Did Levi Hide Himself?
Byline Times has looked into the possibility that Levi was seeking to disappear of his own accord, and somehow tried to stow aboard a ship bound for somewhere far flung.
Is it possible he intentionally lost his passport so that he could disappear and acquire a new identity, thus hoping to rid himself of his problems?
It seems unlikely, for a number of reasons; an abject lack of funds (or even clothes), his positive demeanour in his last communications, and his widely stated intention to return to collect various belongings from friends in Ibiza and England.
In addition, the chances of Levi successfully gaining access to a vessel through the Energy dock without help are very small. Security clearance and documents are required and an average 90% of the area is covered by CCTV cameras.
Further, according to an underworld source, for these reasons the port is not a favoured people-trafficking route; certainly not at any kind of scale.
One former people smuggler Byline Times spoke to said: “In the port, I didn’t find people trafficking because it is a place very closely guarded. Instead of that, theft of goods and drugs has always existed.
“People smuggling is accessed through other networks, especially taxi drivers.
“People stay temporarily in pensions (apartments) in the city and then are moved through routes into France and then beyond.
“We were paid depending on the nationality. For Pakistanis, we were paid in dollars and got double the charge we’d get for negritos (black people) and Arabs.”
Justice Delayed, or Outright Denied?
Byline Times has heard powerful evidence from inside Levi’s tightest groups of friends that he had been in fear of a sex trafficking gang for at least a year.
On 25 October 2022, Levi talked about it publicly in a moment of crisis in a post to 19,000+ Instagram followers. He simultaneously launched an OnlyFans account with the defiant hashtag #takeitback.
Then a few days later he left Ibiza suddenly on a “business journey” arranged on an unknown app and then disappeared hours after arriving in Barcelona to meet a mystery man.
Whether these events are causal or interconnected is not certain, however Julie and others believe they ought to be investigated by the proper authorities in a way equal to other British citizens.
Retired detective Peter Bleksley said: “Firstly, there are unfortunate levels of racism and homophobia across the globe – including in the police force. There are opportunities here for law enforcement in different jurisdictions – Ibiza, Barcelona, London, and elsewhere in England – to say ‘It’s nothing to do with me, guv’.

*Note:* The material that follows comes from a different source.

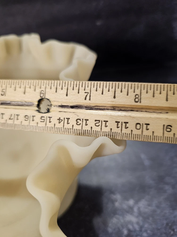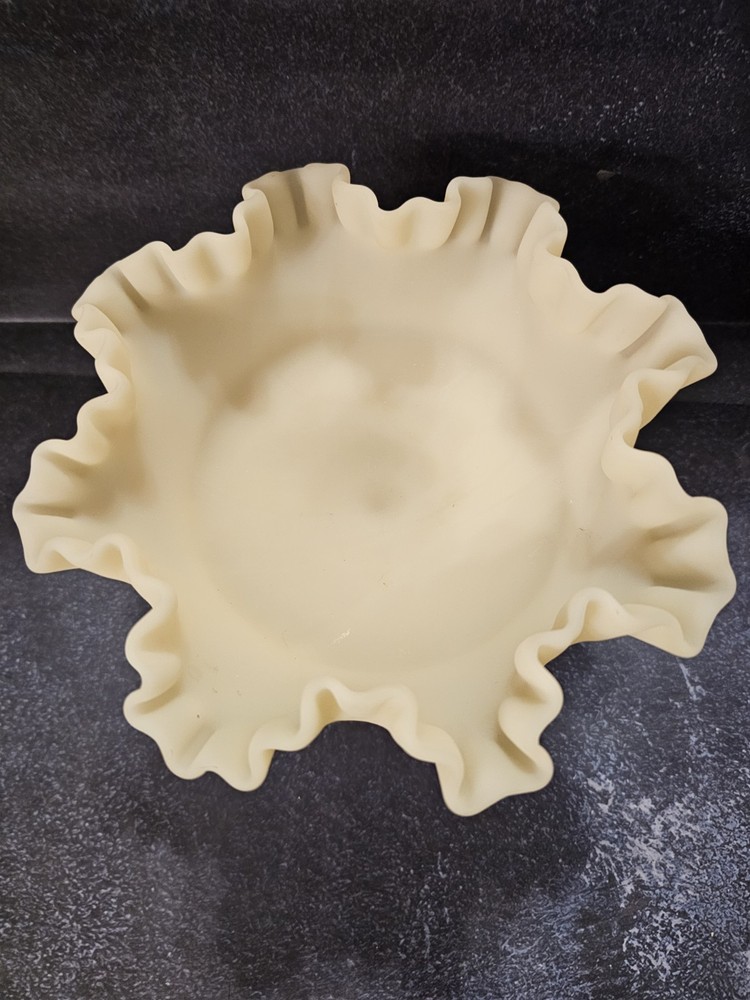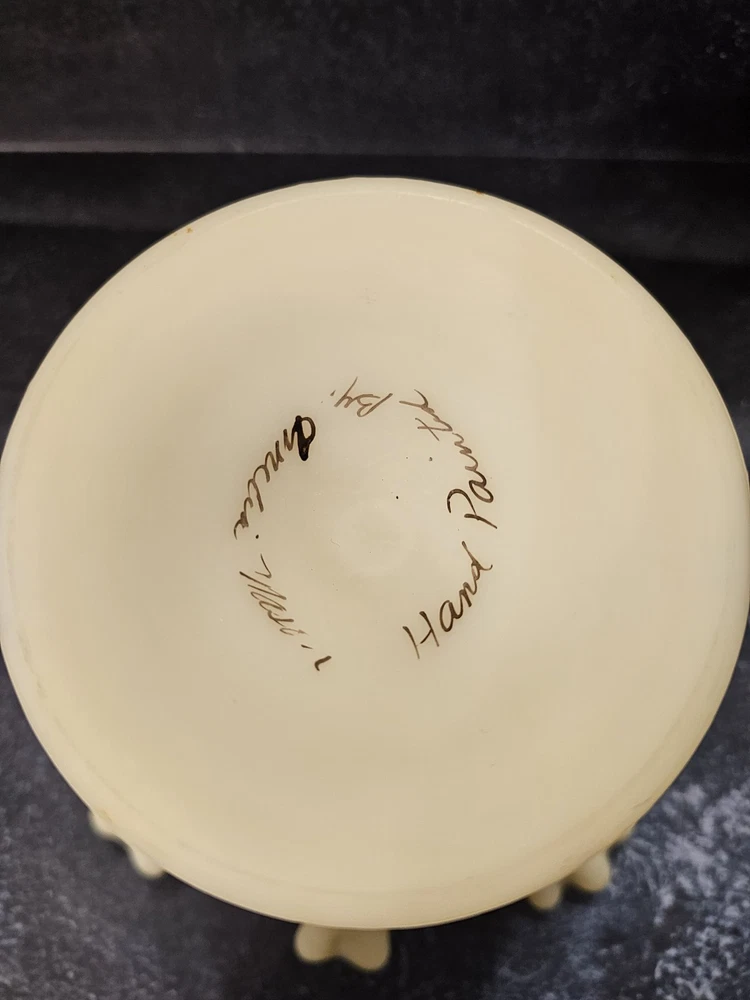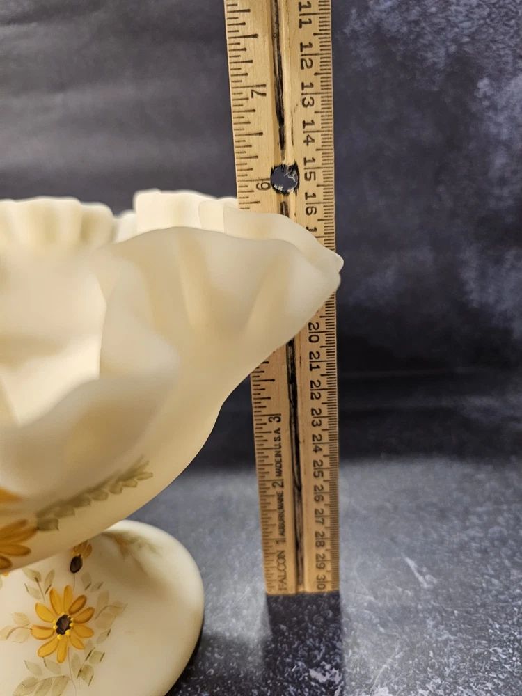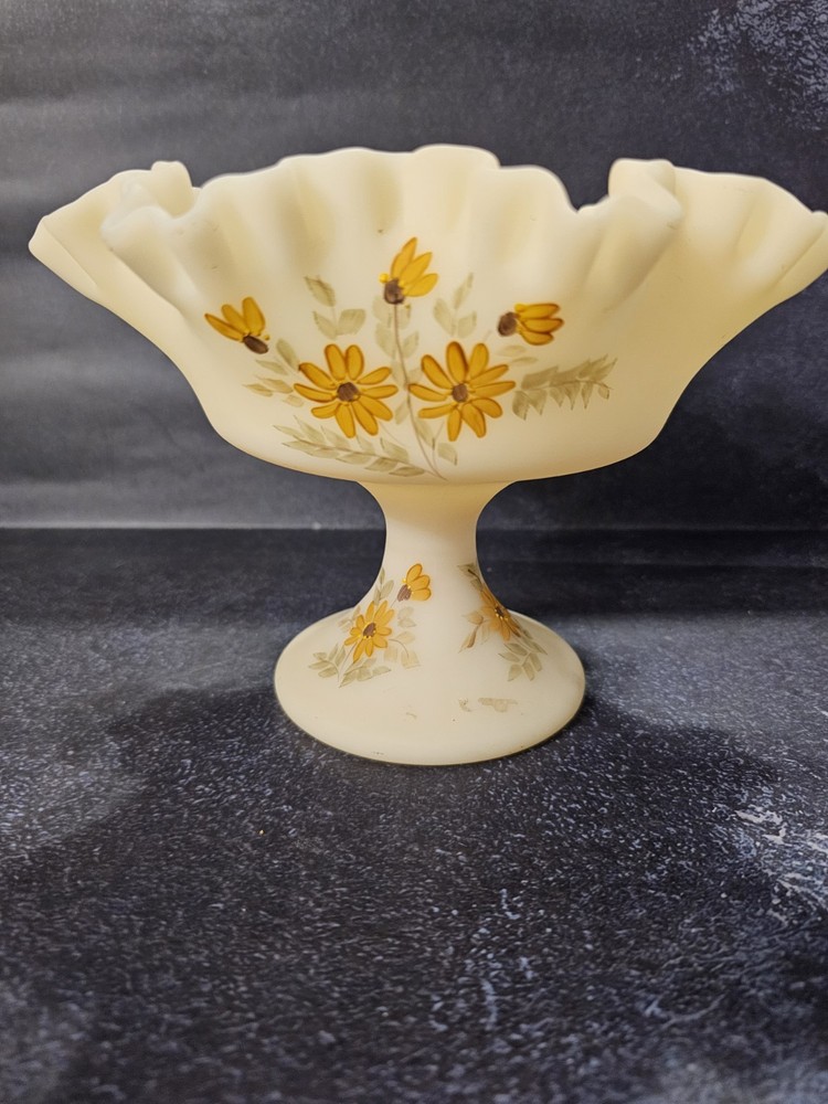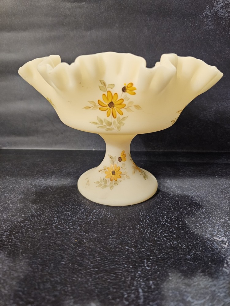 no chips or cracks Experience the charm of vintage art glass with this exquisite Fenton compote. Crafted from high-quality satin glass, it features a delightful almond shape and a ruffled edge that adds a touch of elegance to any display. Hand-painted with intricate daisy motifs in a warm yellow hue, this piece is a testament to the timeless craftsmanship of Fenton glassware. Originating from the United States and dating back to the post-1940 era, this compote is an original piece that exudes a sense of history and heritage. Its beige coloration is both versatile and striking, making it a perfect addition to any collection or as a standalone decorative item. Whether you're a seasoned collector or simply appreciate the beauty of historic glassware, this Fenton compote is sure to captivate and inspire.
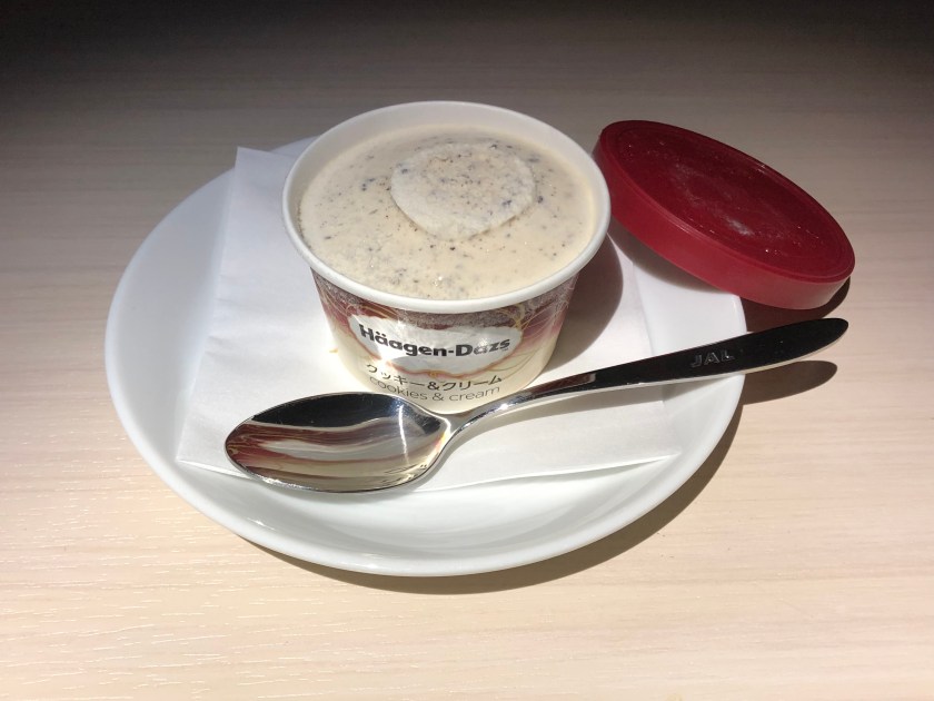 I was still full from a packed breakfast so I brought this banana cake back which was served on the flight.

“What it really needs is somebody to have the will, determination and public spiritedness, to grasp it, say we are in charge, we will coordinate, we will travel anywhere and we will find the answers.
“Because at the moment, Mr Davis is being failed, his family are being failed, his friends are being failed – and in a broader sense the public is being failed by the police inaction here and in Spain.”
Black Male: Two Tiers for the Missing?
Birmingham Yardley MP Jess Philips has taken on the case as Julie is a local constituent in the West Midlands. Speaking in July before being made Minister for Safeguarding – with a remit including sexual violence, gangmasters and prostitution – Ms Phillips told Byline Times: “It’s clear that some lines of inquiry connected to the disappearance of Mr Davis have yet to be properly explored.
“All avenues and enquiries should be exhausted both in the United Kingdom and Catalonia. Too many questions remain for the family and friends of Mr Davis, and I would urge the police in both jurisdictions to work together to act on any new information.”
Janet Hills MBE points to a gap in positive outcomes for vulnerable missing people of colour compared to white people. It follows a 2023 report from the charity Missing People which suggested police find white missing adults 39% of the time, compared to 35% for Asian adults and just 31% for Black adults.
Ms Hill said: “Data shows there is very little done by the police here in the UK, and in particular The Met when it comes to investigating missing people who are Black.
“This is unacceptable and the fact Mr Davis has gone missing abroad shouldn’t stop The Met from working with Interpol and the Spanish Police to try to give closure to this matter, particularly for the family.
“Even though he went missing in Spain, Mr Davis is a British citizen. If you compare the resources that have been applied to this case with, for instance, that of Madeleine McCann, there is a huge disparity.”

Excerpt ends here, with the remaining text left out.